(Problem) Your reply should set down word for word each line below from the one with "Москва. 30 июня." through the final line, both included, but none of the pictures.

(Dataset section)
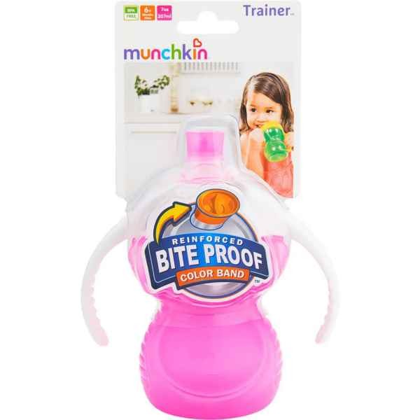 Munchkin Click Lock Chew Proof Trainer Cub is een kauwproefbeker die zacht is voor zacht tandvlees, want hoewel een tuit taai moet zijn hoeft hij niet hard te zijn. Deze innovatieve cups hebben een eenvoudig afsluitdeksel dat sluit om een 100% lekvrije afdichting te creëren. Je kunt het bekerslot zien, horen en voelen, zodat je drievoudig verzekerd bent tegen dribbels en druppels.
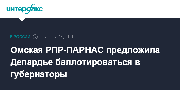 Москва. 30 июня. INTERFAX.RU - Омское отделение партии РПР-ПАРНАС предложило французскому актеру с российским гражданством Жерару Депардье стать кандидатом на пост губернатора региона, сообщил во вторник "Интерфаксу" руководитель отделения Игорь Басов.
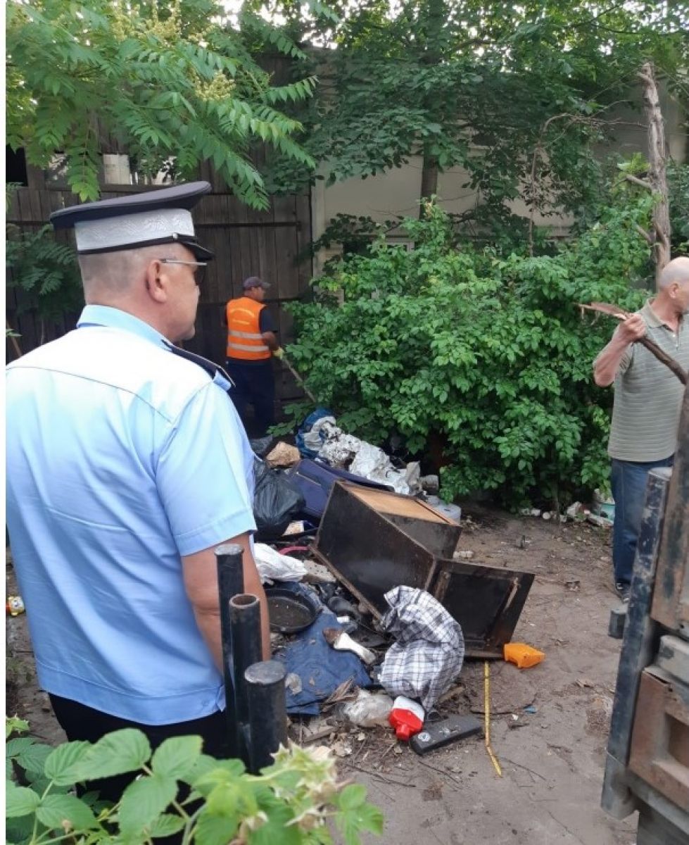 Astfel, polițiștii locali din cadrul Serviciului Protecția Mediului, au participat la acțiuni de igienizare şi ridicare a deșeurilor, adunate şi depozitate necorespunzător în curtea locuinței numitului V.T., din Calea Națională nr. 141.

(Written reply)
 Москва. 30 июня. INTERFAX.RU - Омское отделение партии РПР-ПАРНАС предложило французскому актеру с российским гражданством Жерару Депардье стать кандидатом на пост губернатора региона, сообщил во вторник "Интерфаксу" руководитель отделения Игорь Басов.
 Astfel, polițiștii locali din cadrul Serviciului Protecția Mediului, au participat la acțiuni de igienizare şi ridicare a deșeurilor, adunate şi depozitate necorespunzător în curtea locuinței numitului V.T., din Calea Națională nr. 141.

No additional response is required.